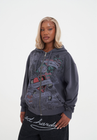 Womens Broken Hearts And Fairytales Zip Thru Hoodie - Charcoal
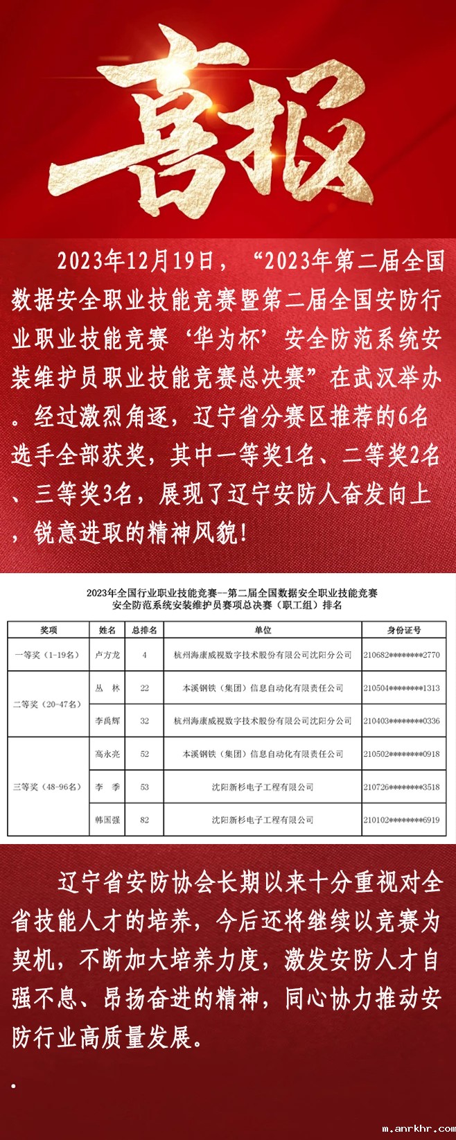 喜报!辽宁省分赛区选手在第二届全国安全防范系统安装维护员职业技能竞赛总决赛中喜获佳绩
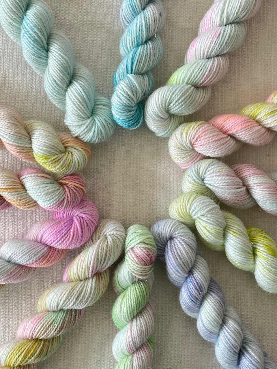 Starry mini-skeins (80 m / 87 yards per 20 g skein, 75% superwash merino, 20% nylon, 5% gold stellina)
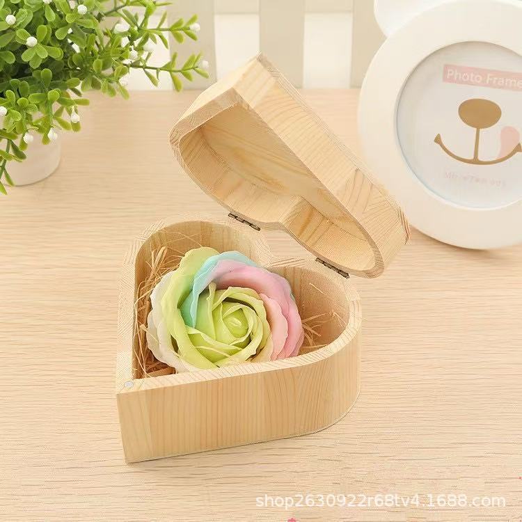 간단한 나무 바탕 화면 하트 모양의 저장 상자 나무 선물 상자 보석 용성 꽃 나무 상자 포장 상자

## The task
Retype all of the data above word for word, excluding the pictures.

## Written reply
 Womens Broken Hearts And Fairytales Zip Thru Hoodie - Charcoal
 喜报!辽宁省分赛区选手在第二届全国安全防范系统安装维护员职业技能竞赛总决赛中喜获佳绩
 Starry mini-skeins (80 m / 87 yards per 20 g skein, 75% superwash merino, 20% nylon, 5% gold stellina)
 간단한 나무 바탕 화면 하트 모양의 저장 상자 나무 선물 상자 보석 용성 꽃 나무 상자 포장 상자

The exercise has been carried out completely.